UNBREAKABLE. Though this could be any of M. Night Shyamalan's post Sixth Sense oeuvre. He's a great director (really), but seems to be a lazy writer. Unbreakable could have been great, and has some great sequences, but it peters out at the end, wastes a main character with a lot of potential, while the climax is as flat as flat can be. I'm not sure how I would have fixed it (it probably needs a whole new third act), but it would have been worth the whack.

PEARL HARBOR. 40 minutes of great combat stuff, lost in some really bad character stuff. How would I have fixed this? Let's start by setting the entire movie at Pearl Harbor. Make it about the place, the arriving pilots, the seemingly-easy-paradise-duty, and allow the (better-developed, more-interesting) characters to unfold against the backdrop of this world. And then the roof caves in.

ELIZABETHTOWN. Again, some very good scenes, lost in a story that really never gets started. I like some of the cute romantic stuff, I even like the road trip at the end, which could have been a quirky road movie all of its own. But the family stuff needs some real reworking; it's a complete non-starter here. It needs an actual plot, not just secondary characters bumping up against the lead for no real purpose, or a main character who too often seems comatose.

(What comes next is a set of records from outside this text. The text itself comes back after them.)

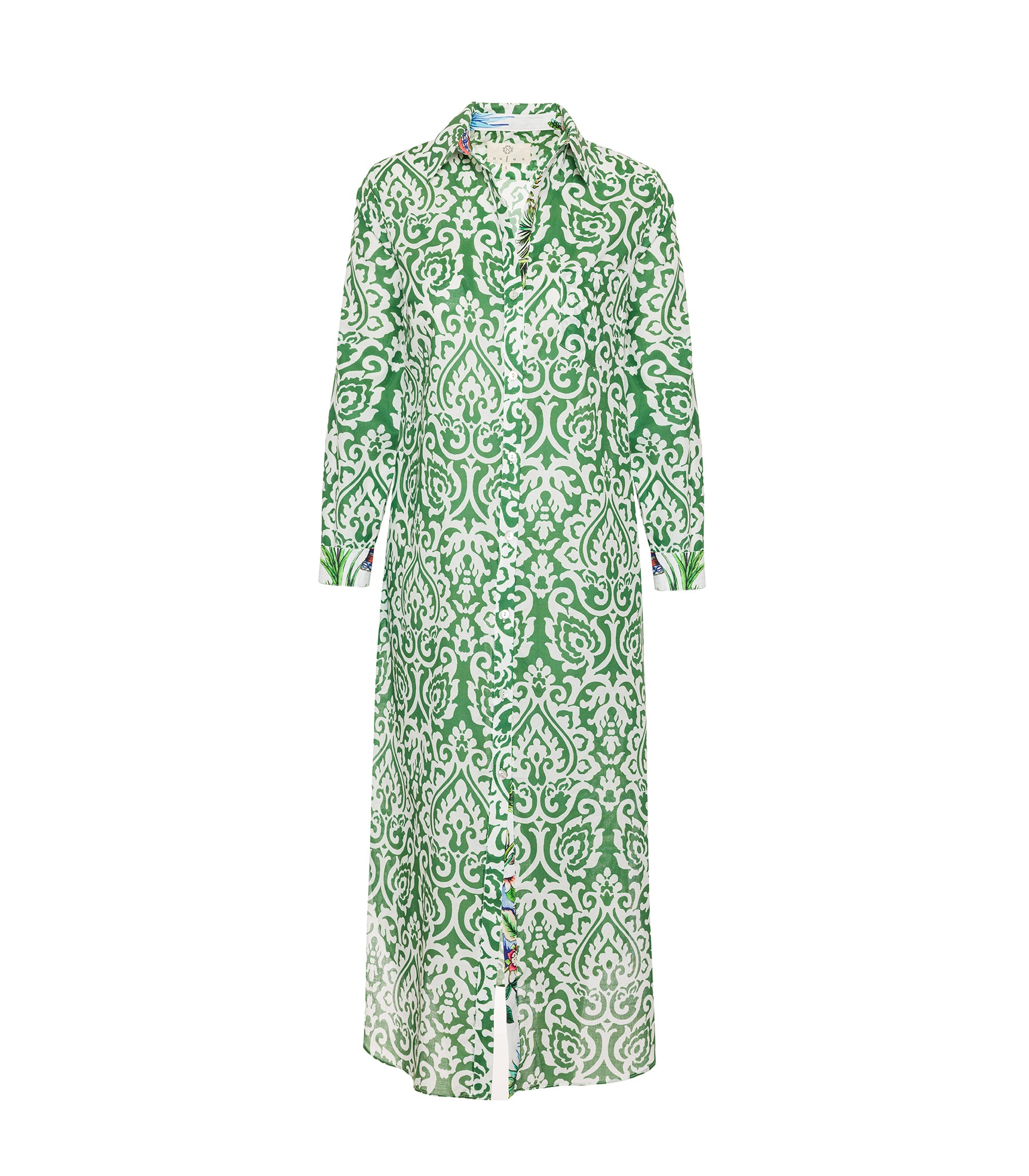 Önden düğmeli , gömlek yaka , standart kalıp , ön pat ve manşet içinde kontrast kumaş , 100% organik pamuk , Türkiye’de üretilmiştir.
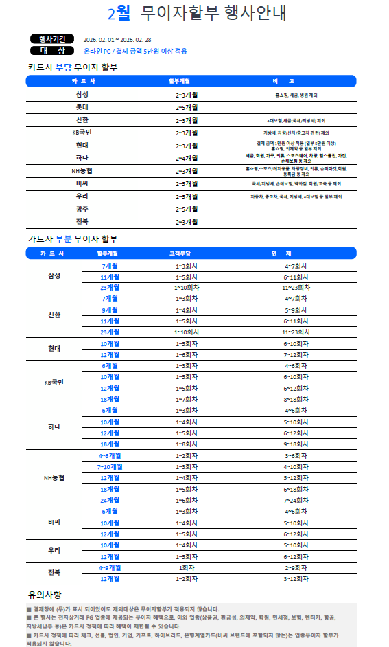 2월 무이자 할부 행사
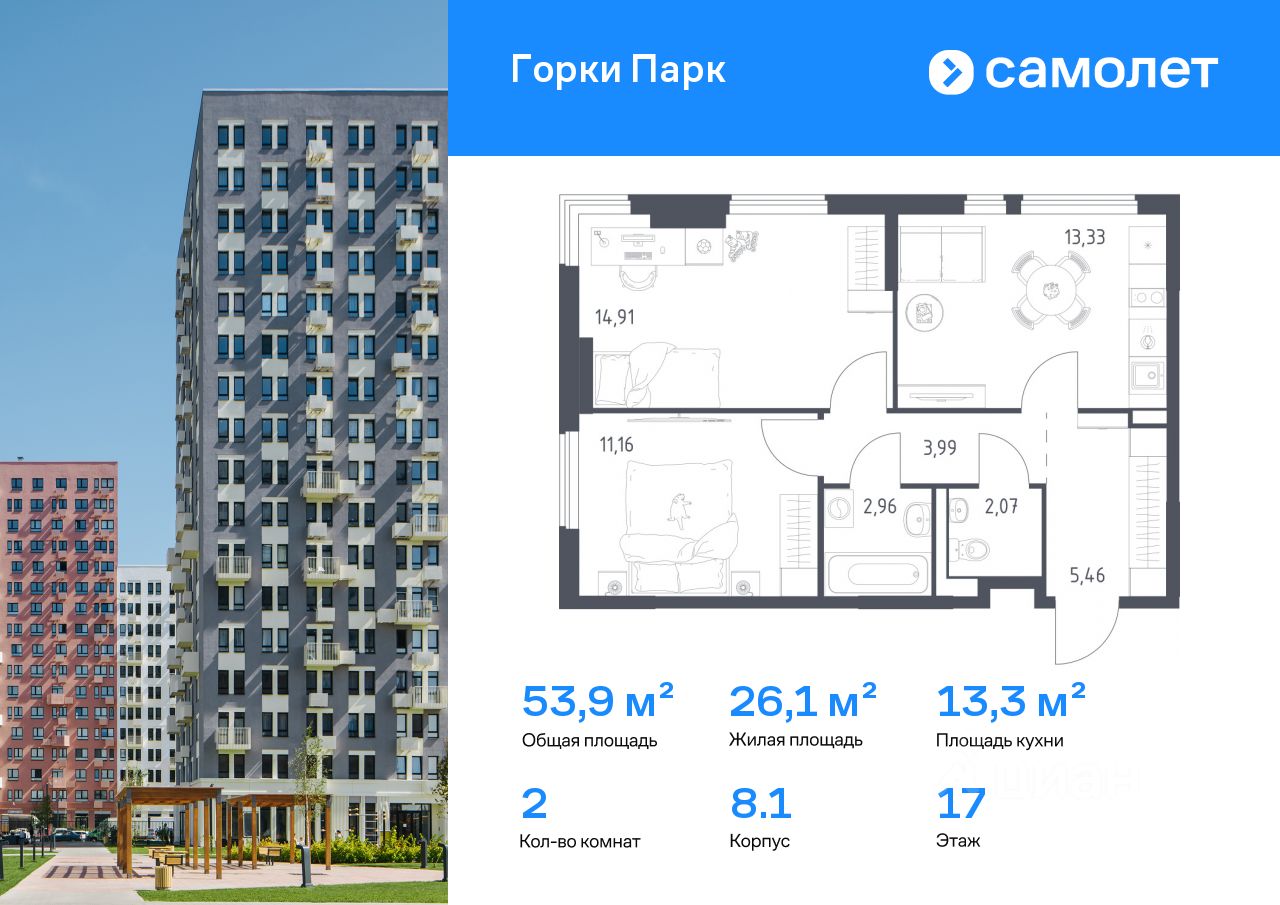 Строим кварталы для жизни с заботой о будущем. Предлагается 2-комнатная квартира комфорт-класса 53,88 кв.м в корпусе 8.1 на 17 этаже, в ЖК "Горки Парк"
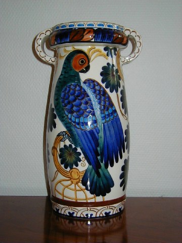 Stor Aluminia vase med Papegøje-motiv SOLGT
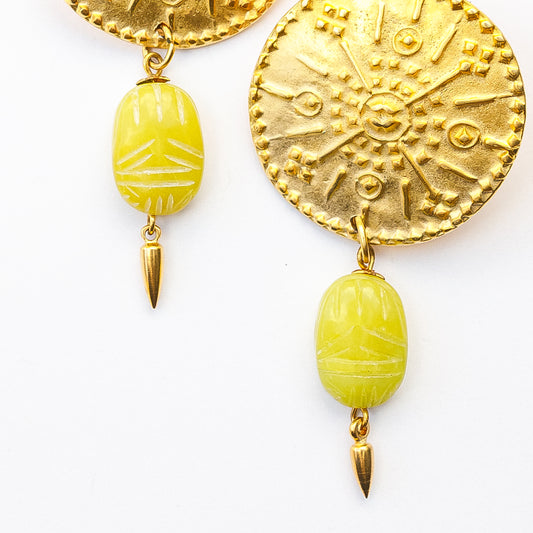 1980's Saks Fifth Avenue Gold Plated Stone Scarab Earrings
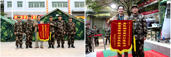 八達(dá)特種裝備在深圳滑坡事故現(xiàn)場(chǎng)救援過(guò)程中,發(fā)揮了不可替代作用,受到了國(guó)內(nèi)外媒體一致好評(píng)。圖為武警交通部隊(duì)現(xiàn)場(chǎng)領(lǐng)導(dǎo)向八達(dá)機(jī)器人救援隊(duì)負(fù)責(zé)人授予錦旗,右圖為傅凌司令員與公司劉總合影留念。
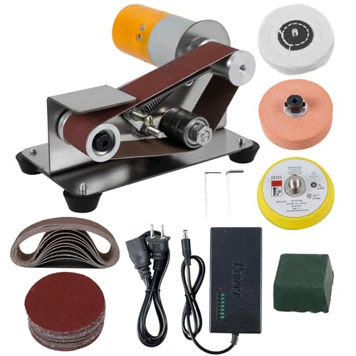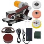 Shuilingの小型電動ベルトサンダー。110V-220V対応、木材・金属・アクリルに対応。卓上での使用にも便利で、簡単操作で家庭用に最適です。
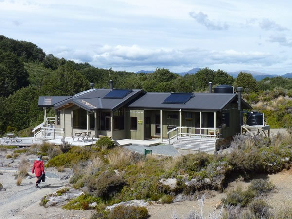 Heather returning to the Waihohonu hut after our hour-long stroll to the Ohinepango stream and back.
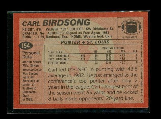 Vintage 1983 TOPPS Football Trading Card #154 CARL BIRDSONG St Louis Cardinals

STAR WARS: THE PHANTOM MENACE. I'd make it more about the kid; tell it from his POV, have the Jedis come into his world. Lose the racist stereotypes, lose all the painfully dry political stuff, and keep in mind throughout that you can make a movie for all ages without putting something like Jar Jar Binks in it.

Fell free to crack on my picks here, though if you're going to make picks of your own, do it over at Tom's place (The One Year Push); it's his meme.

9 Comments:

At 8:12 AM, Blogger taZ said...

I can clearly see what you mean on Unbreakable and Elizabethtown.

Don't quite get the Pearl Harbour improvement, but I guess you're right considering I didn't like it (the movie).

I would want to remake a whole bunch of movies, but the one I can remember this instanse is "The Aviator". The third act is too bad.

 
At 10:11 PM, Anonymous cwmagee said...

Scott,
What did you think of TORA TORA TORA?

 
At 11:22 PM, Blogger Scott the Reader said...

Better than Pearl Harbor. And much less bad Affleck.

 
At 2:36 AM, Blogger Random Brandon said...

I heard that a good excercise for new screenwriters is to rewrite a bad movie...for educational purposes of course, not actually submiting it. Anybody have any thoughts on the subject? I ask, because I am a newbie myself and having trouble deciding on what to write first.

 
At 3:00 AM, Anonymous cwmagee said...

With UNBREAKABLE, there was way more trouble than act 3. That entire movie was a train wreck (ahem). Specifically, it was trying to string out suspence without giving us something to care about or take interest in first. I actually thought the ending was the least tedious part of the movie. There was one funny bit, though. About 40 minutes in, a guy in the middle of the theatre started snoring like a buzz saw. And every other waking person in the theatre started snickering, then giggling, then laughing out loud, hard, until the noise evidently woke him up.

I've never seen anything like that before, but I think it was totally appropriate to the movie.

 
At 8:56 AM, Blogger Scott the Reader said...

Brandon -- I think that when you are starting out, and learning about the whole screenwriting process, anything that helps you write more is good.

I think too many screenwriters put pressure on themselves to write stuff off the bat that they are going to be able to sell.

I think it would be freeing to just work on something that you know has no chance of selling, that you can just write the hell out of,

 
At 9:23 AM, Blogger Webs said...

I am writing a good version of "Pearl Harbor". It's called "101"

 
At 6:49 PM, Blogger Jodi Davis said...

The script I read for Etown was perfect wonderful complete. Who know what happened in between - it's Crowe's loss that he didn't trust that script and changed it.

JD

 
At 4:07 AM, Blogger Robin Kelly said...

Unbreakable is the only one that comes to mind in terms of re-writing as it is so clearly a very good opportunity wasted.